──────── Dataset entries ────────

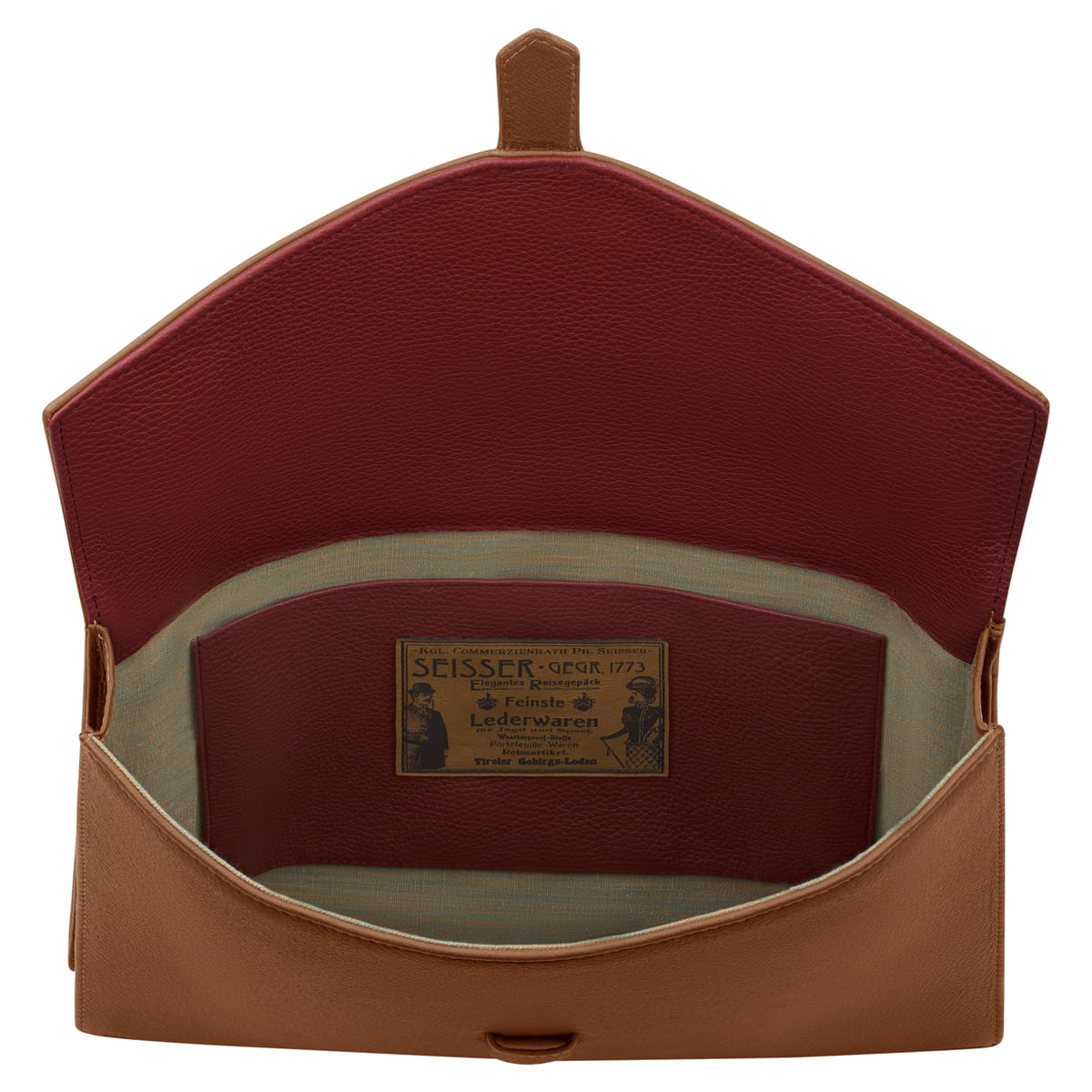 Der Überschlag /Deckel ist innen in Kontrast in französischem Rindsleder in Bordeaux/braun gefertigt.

────────
──────── Dataset entries ────────

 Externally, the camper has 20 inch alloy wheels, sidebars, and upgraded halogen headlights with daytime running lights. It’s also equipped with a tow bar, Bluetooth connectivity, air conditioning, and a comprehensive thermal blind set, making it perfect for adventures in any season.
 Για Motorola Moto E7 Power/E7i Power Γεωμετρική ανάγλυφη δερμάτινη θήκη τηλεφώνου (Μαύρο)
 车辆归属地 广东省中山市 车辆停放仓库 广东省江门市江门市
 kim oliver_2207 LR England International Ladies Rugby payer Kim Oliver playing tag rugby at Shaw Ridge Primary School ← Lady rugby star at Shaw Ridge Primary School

────────
──────── Dataset entries ────────

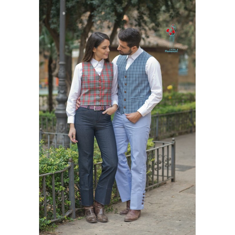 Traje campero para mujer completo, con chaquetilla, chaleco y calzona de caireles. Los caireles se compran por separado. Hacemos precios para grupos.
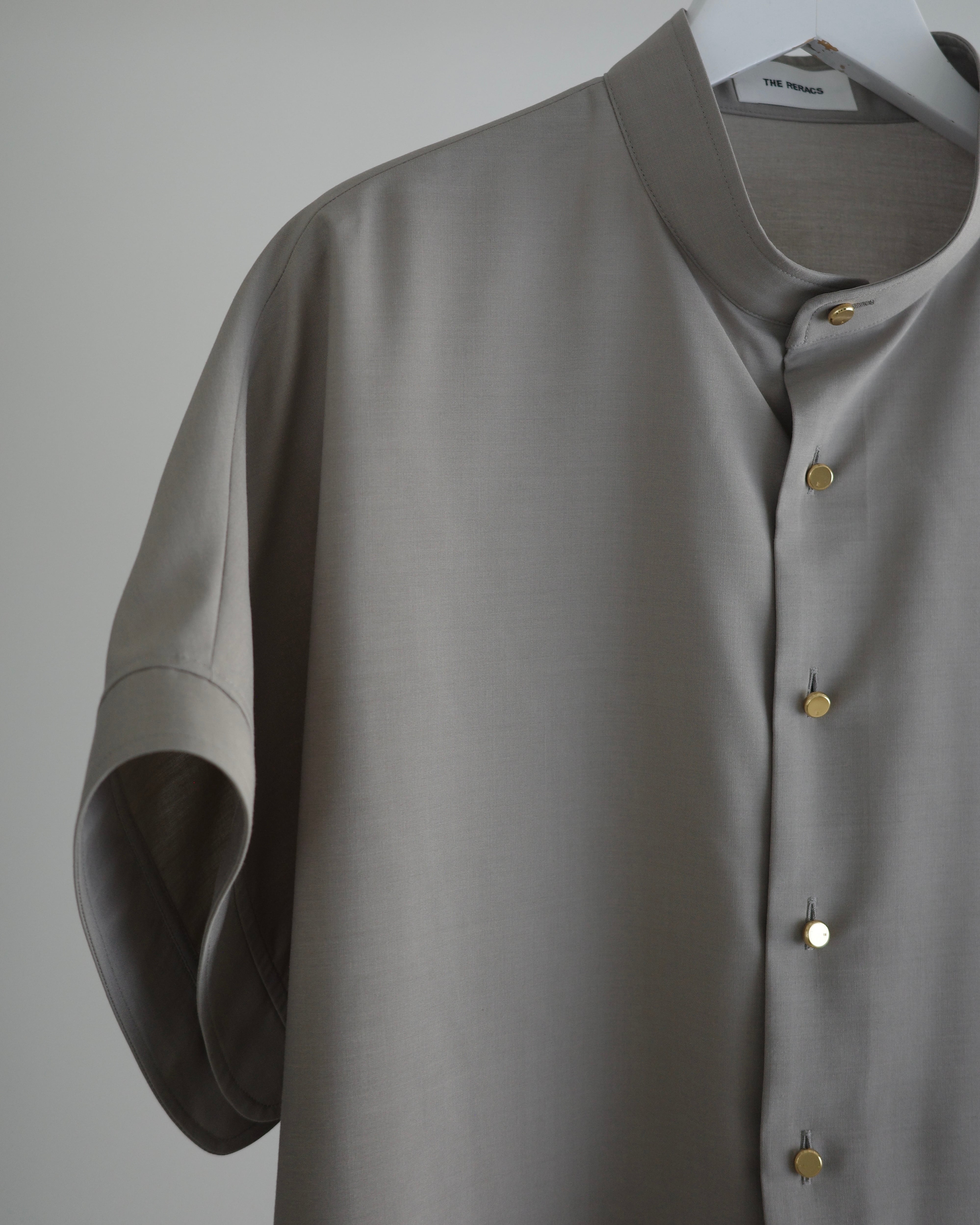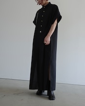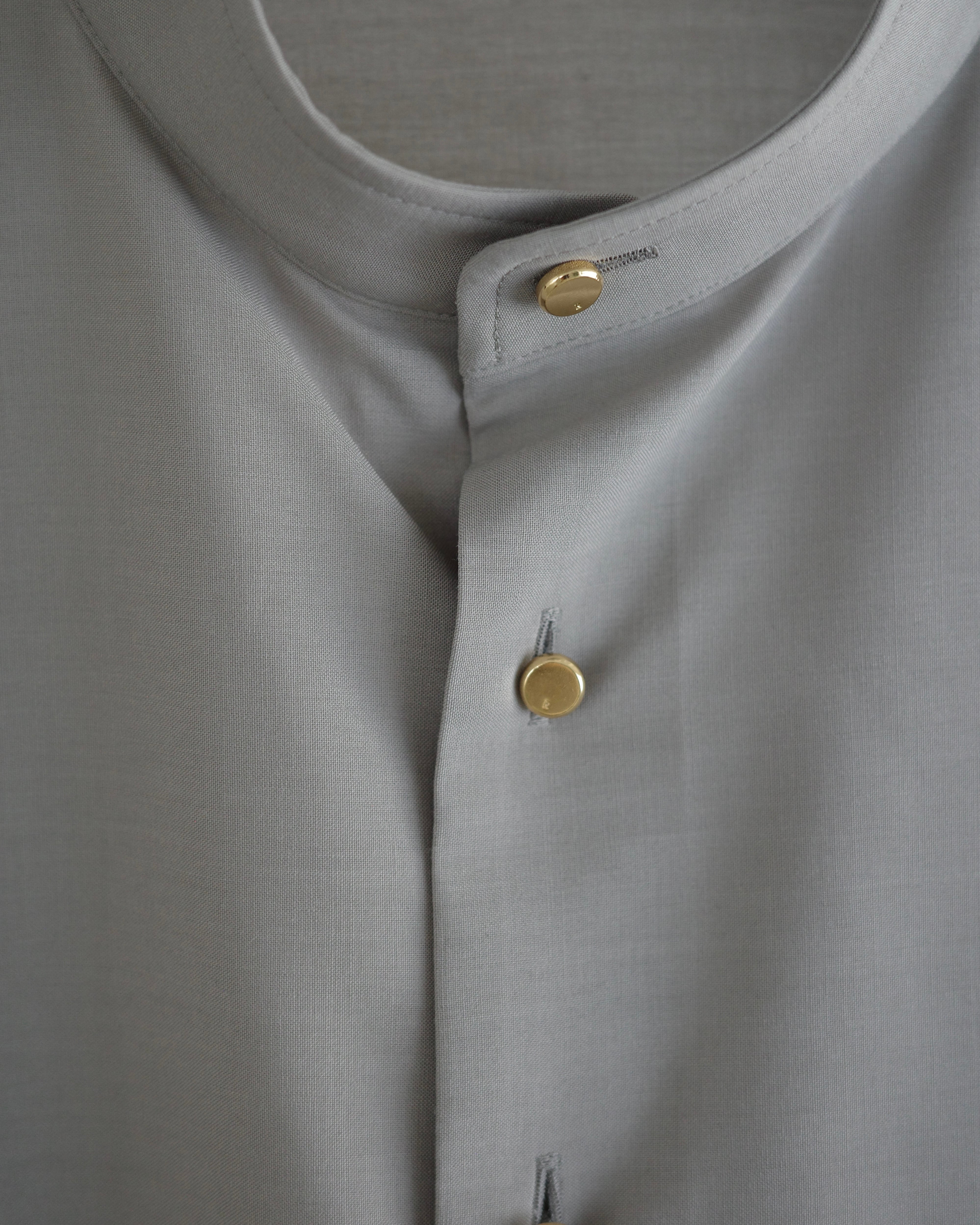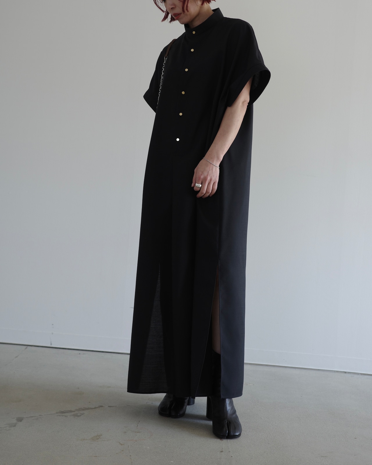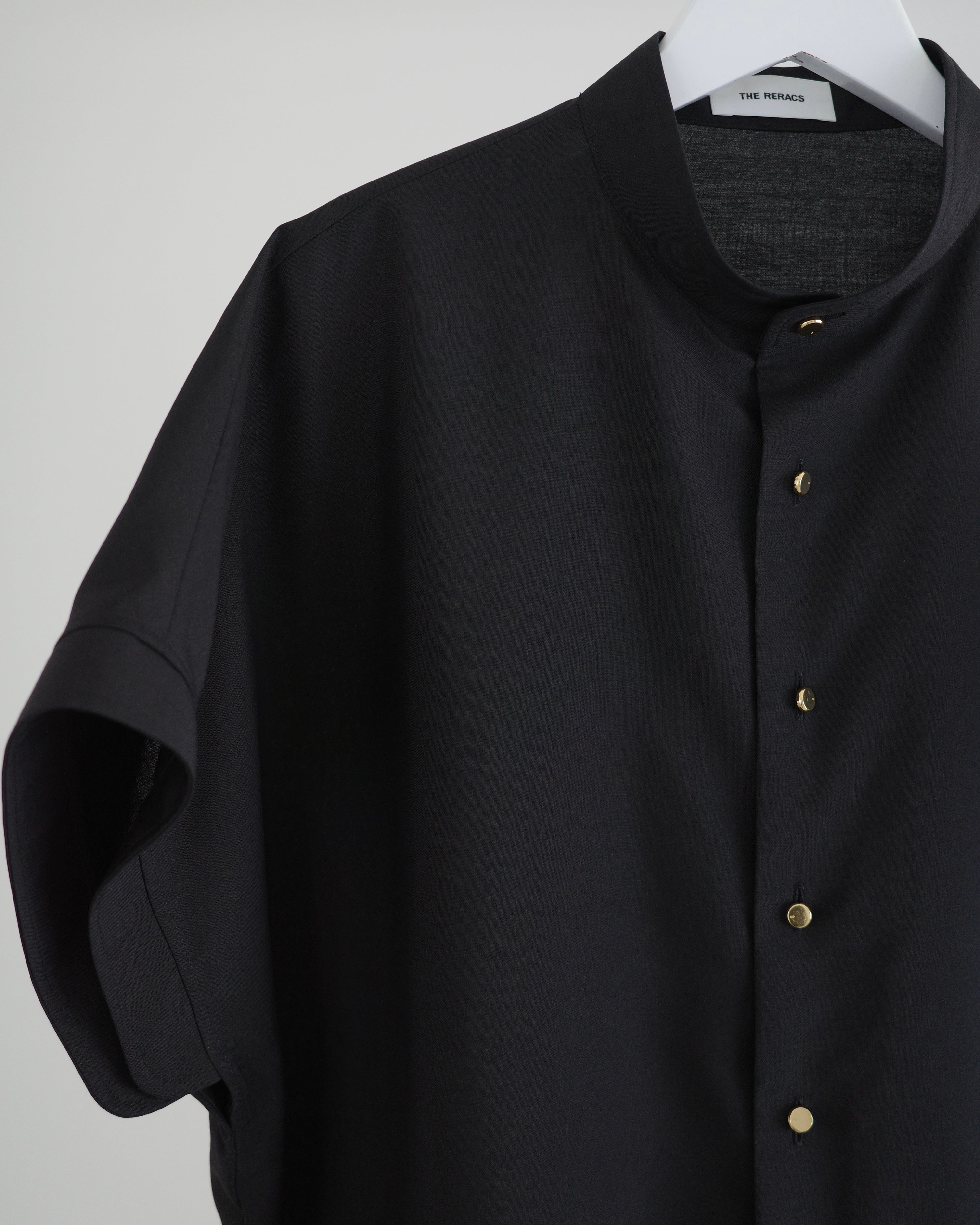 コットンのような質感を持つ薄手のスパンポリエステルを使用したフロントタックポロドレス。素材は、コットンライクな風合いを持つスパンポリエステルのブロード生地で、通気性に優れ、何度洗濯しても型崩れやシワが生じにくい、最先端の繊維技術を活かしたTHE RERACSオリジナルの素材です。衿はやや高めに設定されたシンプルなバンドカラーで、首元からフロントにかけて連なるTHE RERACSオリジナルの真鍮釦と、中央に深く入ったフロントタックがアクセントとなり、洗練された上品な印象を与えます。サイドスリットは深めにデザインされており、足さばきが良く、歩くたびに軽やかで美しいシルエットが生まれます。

────────

_Work instructions_
In the listing above, find the line with "车辆归属地 广东省中山市 车辆停放仓库 广东省江门市江门市" and the line with "kim oliver_2207 LR". Output those two lines and every line between them, exactly as written.

_Result below_
 车辆归属地 广东省中山市 车辆停放仓库 广东省江门市江门市
 kim oliver_2207 LR England International Ladies Rugby payer Kim Oliver playing tag rugby at Shaw Ridge Primary School ← Lady rugby star at Shaw Ridge Primary School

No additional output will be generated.